De Afdeling overweegt voorts dat de aan de percelen van appellant toegekende bestemming niet voorziet in de realisering van aangewezen bouwplannen als bedoeld in artikel 6.2.1 van het Bro. Gelet hierop en in aanmerking genomen dat het exploitatiegebied niet gelijk hoeft te zijn aan het gebied waarop het bestemmingsplan betrekking heeft, is niet aannemelijk dat, indien de deelraad wel tot het vaststellen van een exploitatieplan zou zijn overgegaan, de percelen van appellant daarin zouden zijn opgenomen als uitgeefbare grond die wordt betrokken in het kostenverhaal en de kostenverevening. Daarbij komt dat er ook geen aanwijzingen bestaan dat op deze percelen werken en werkzaamheden inzake bouwrijp maken, aanleg van nutsvoorzieningen of inrichting van openbaar gebied zullen worden uitgevoerd, waarvoor eisen of regels als bedoeld in artikel 6.13, tweede lid, onder b en c, van de Wro zouden moeten worden vastgesteld.
Gelet op het voorgaande zou appellant niet kunnen worden aangemerkt als belanghebbenden bij de vaststelling van een exploitatieplan. Derhalve kan hij evenmin worden aangemerkt als belanghebbenden bij het niet vaststellen van delen van een exploitatieplan als bedoeld in artikel 6.13, eerste lid, van de Wro. Hun beroepen zijn in zoverre niet-ontvankelijk.

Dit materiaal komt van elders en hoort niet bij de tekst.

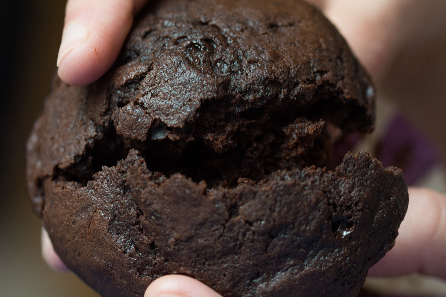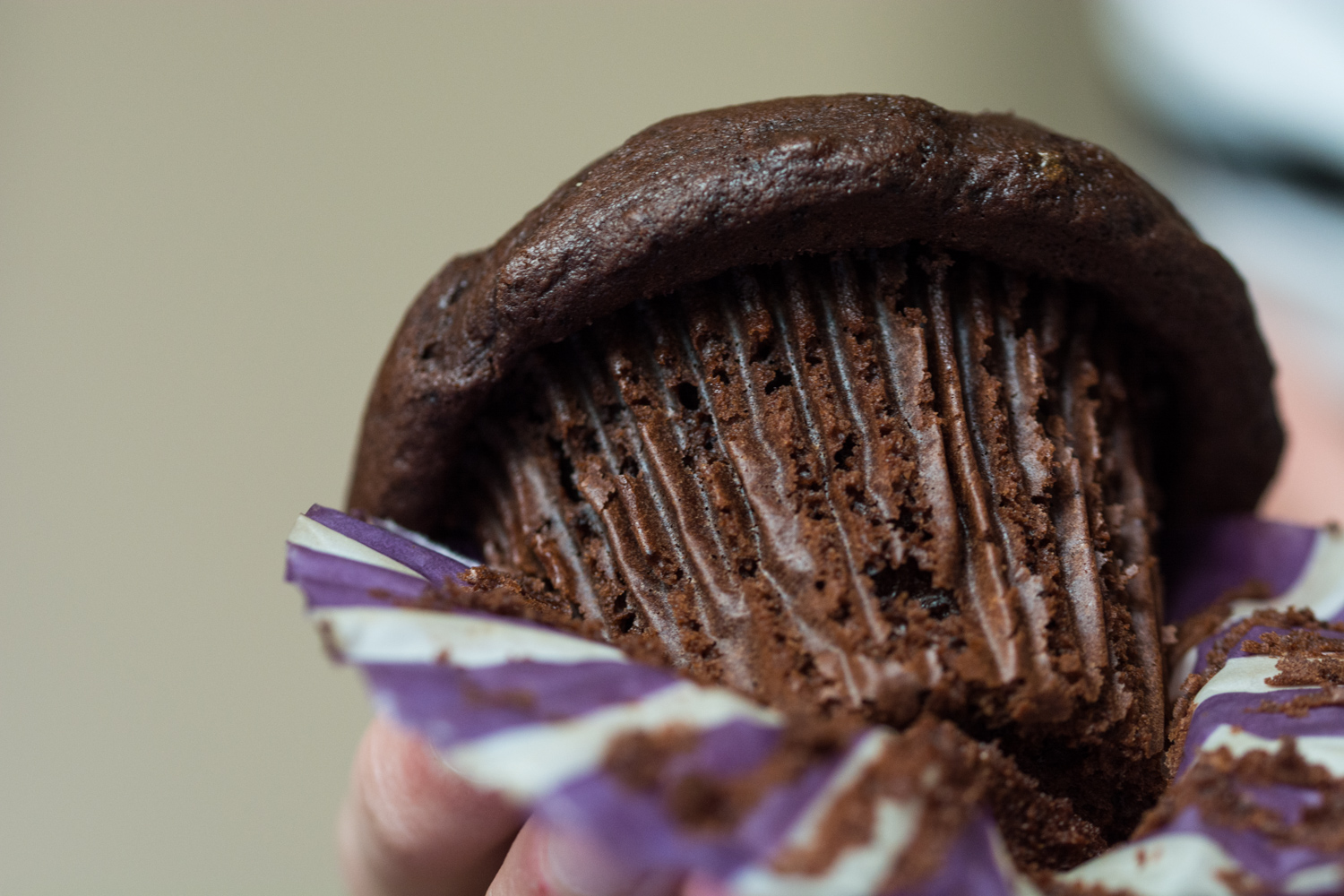 Brioșele acestea îi satisfac până și pe cei mai pretențioși amatori de ciocolată. Sunt cele mai simple brioșe pe care le-am făcut vreodată – amesteci niște ingrediente și pui prăjiturelele la copt, cam asta-i toată filozofia. Sunt extrem de fragede și pufoase, grație laptelui bătut și au un gust bogat, caramelos, grație zahărului brun. Sunt ideale atât la micul dejun, cât și la desert… și în plus, înmiresmează întreaga casă a ciocolată. Până acum sună bine, nu? Mai am un singur lucru de adăugat: se prepară într-o jumătate de oră.
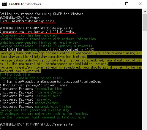 現在のディレクトリ(フォルダ)がLaravelプロジェクトにある事を確認してください。(例:D:\XAMPP\htdocs\samplesite)
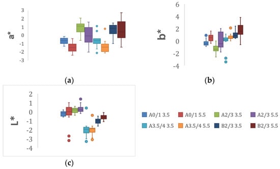 Means and standard deviations of the CIE76 and CIEDE2000 color difference of all groups are presented in Table 4. Box plots of the minimum, maximum, interquartile range, medians and the outliers for each of the L*, a* and b* variables are presented in Figure 3a–c.

ABRS 31-7/13 inzake Amsterdam (RVS:2013:575).
Noot: exploitatiegebied hoeft inderdaad niet gelijk te zijn aan bestemmingsplan en de Afdeling acht het niet aannemelijk dat, als er wel een exploitatieplan zou zijn vastgesteld, het perceel van appellant daarin zou zijn begrepen. Een niet echt gemakkelijk te hanteren criterium.